Since my childhood, I have made scores of trips to the library. Ideas permeate the air and books whisper secrets, passing down tales different from my life yet completely relatable. I struggled through adolescence alongside Callie in Eugenides' "Middlesex" and I found love next to Elizabeth Benet in Austen's "Pride and Prejudice." I love to read because it simultaneously makes me feel relaxed and adventurous — my world shifts, my perspective broadens, my understanding deepens, but I also feel comfort. I feel comfort from the knowledge that ignorance can be overcome by reading.
Ignorance is one of my greatest fears. I am from a small town, where the joys of a tightly knit community come at the cost of isolation. I have walked the same streets to school each morning and seen the same people each day, feeling as though the world has shrunk to a couple miles of sidewalk, a general store, and a bank. I am afraid of being locked into a narrow perspective limited by a continual cycle of repeated experiences.
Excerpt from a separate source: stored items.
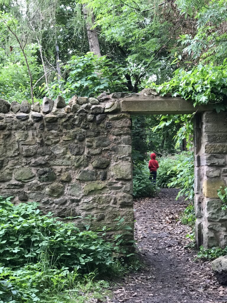 Start on the paved path along the south side of the burn and turn right just before Hermitage House. Follow the dirt path along the burn to Scout Bridge — a large wooden bridge you can’t miss. (Tip: pick up some sticks for Pooh Sticks at one of the bridges along the way.)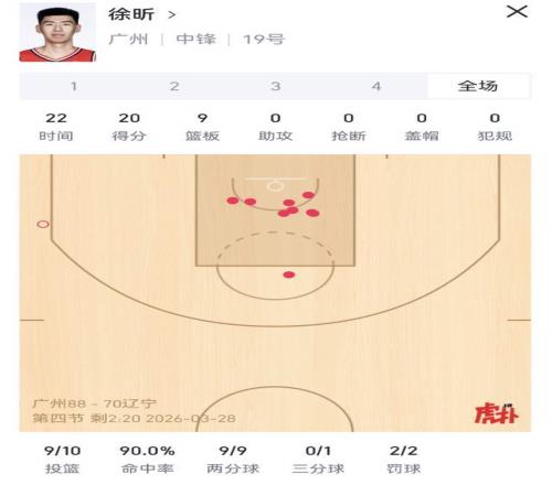 徐昕全場10投9中,高效砍下20分、9籃板(含4個前場籃板),外加2次封蓋,正負(fù)值高達(dá)+29,為全隊(duì)最高。他的進(jìn)攻幾乎全部來自籃下,三分線外1投未中,卻憑借精準(zhǔn)的接球順下與補(bǔ)籃能力,將每一次觸球轉(zhuǎn)化為致命威脅。遼寧隊(duì)的內(nèi)線防守體系在他面前形同虛設(shè)——只要他落位禁區(qū),對方必被迫雙人包夾,從而為外線隊(duì)友撕開巨大空檔。這種“牽一發(fā)而動全身”的戰(zhàn)術(shù)價值,遠(yuǎn)超數(shù)據(jù)本身。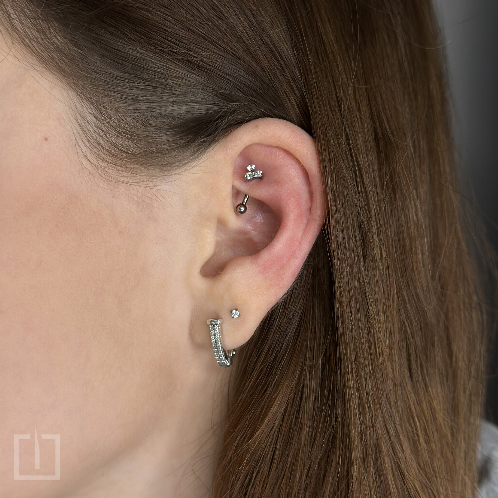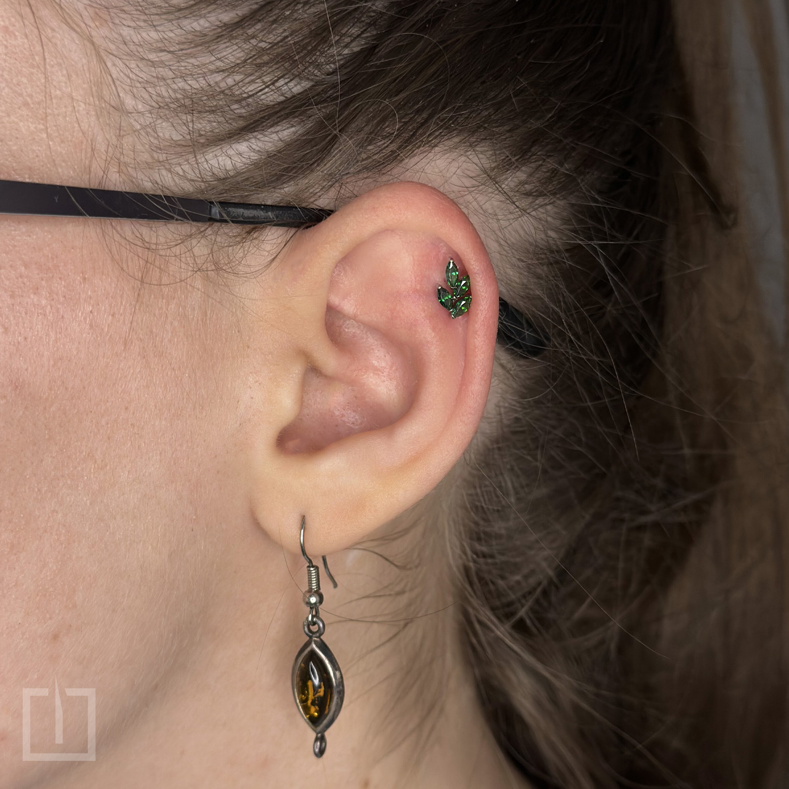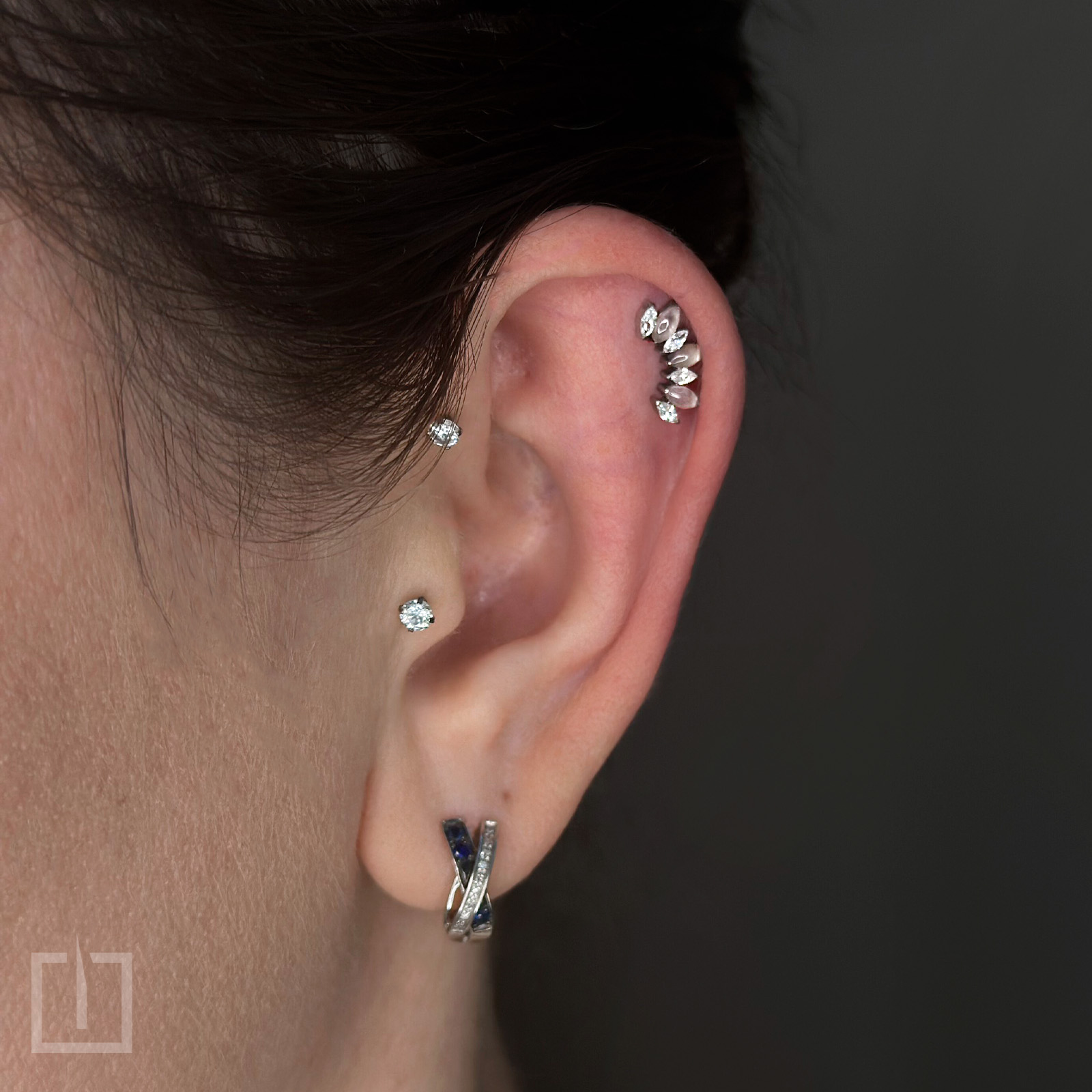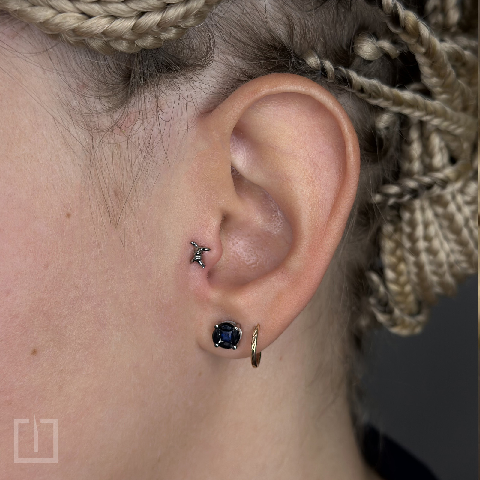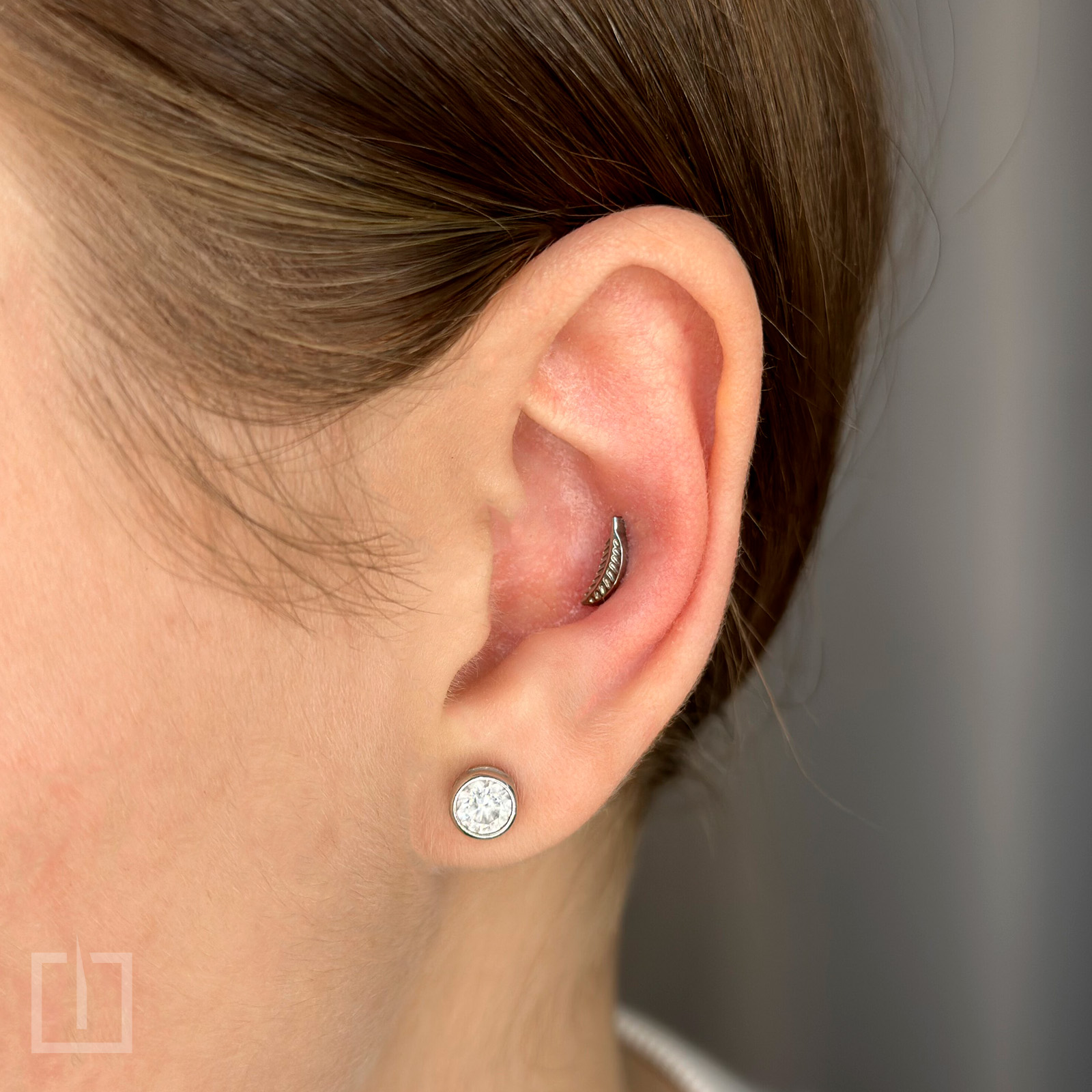 Пирсинг «Форвард Хеликс» — это необычный и стильный вариант, который набирает популярность благодаря своему уникальному и привлекательному внешнему виду. Этот аккуратный и элегантный прокол располагается в верхней части хряща, рядом с основанием уха, создавая интересный акцент. Пирсинг идеально подходит для тех, кто хочет добавить изюминку в свой образ и выразить свою индивидуальность с помощью оригинальных украшений.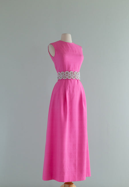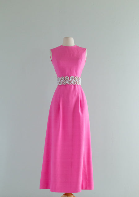Fabulous 1960's Shocking Pink Silk Gown By Dynasty / SM

The summer following tenth grade, I ventured into San Francisco to participate in a week-long writing workshop at 826 Valencia, a writing lab founded by Dave Eggers in 2002. Nerves fluttering, I rode up the escalator after taking the train into San Francisco's Mission District. I remember the awe I felt as the city unfolded above me. Thrift stores, coffee shops, and bustling activity, the Mission could not have been more different from the sleepy suburban streets of my hometown. At 826 Valencia, amidst constant new experience, words flowed onto my page — a short story of a family trip revealed the need for loved ones and a poem attacked the spitefulness of high school judgment. After a week of personal discovery, each participant submitted a writing sample which was compiled into a book for sale in 826 Valencia's store. With freedom to explore the city and my own writing, I was finding a new home.
Following the workshop, I applied for a paid internship at McSweeney's, an independent publishing house across the street from 826 Valencia. I became a part of a committee of high school students that read, discuss, and select published works to be collected in the "Best American Non-Required Reading" (BANR) anthology. In a group of eighteen students with Dave Eggers and Daniel Handler as our mentors, we read over one hundred essays, short stories, and articles, discussing everything from the current cultural and economic situation in Berlin to the pragmatisms and disadvantages of illegal downloading through the internet.
On my first night of BANR, sitting in the same room with Dave Eggers was surreal; I was meeting a character from a book. Other than a beaten up baseball cap and a five o'clock shadow, he bore little resemblance to the Dave Eggers I had known in "A Heartbreaking Work of Staggering Genius." With Dave and my fellow readers, I joined a group of literary enthusiasts. We collaborated together for ten months to produce the book. I searched for works to add to the collection, perusing the likes of "The Paris Review" and "The Atlantic." I discovered the courage to stand up for my own opinion, arguing for what I believed should be in the collection. I felt my perspective change as others contributed their own ideas. Published by Houghton Mifflin, the book was a product of our ideas and discussions. When we came together, the horizon of larger thinking was endless.
Our biographies, tucked in the final pages of the book, highlighted what brought each of us to BANR. Coming together through our mutual love of reading, we each brought our own perspective to create a work of literature. Through 826 Valencia and BANR, I have pushed my boundaries, becoming a part of a literary community and finding my way from reader, to writer, to editor.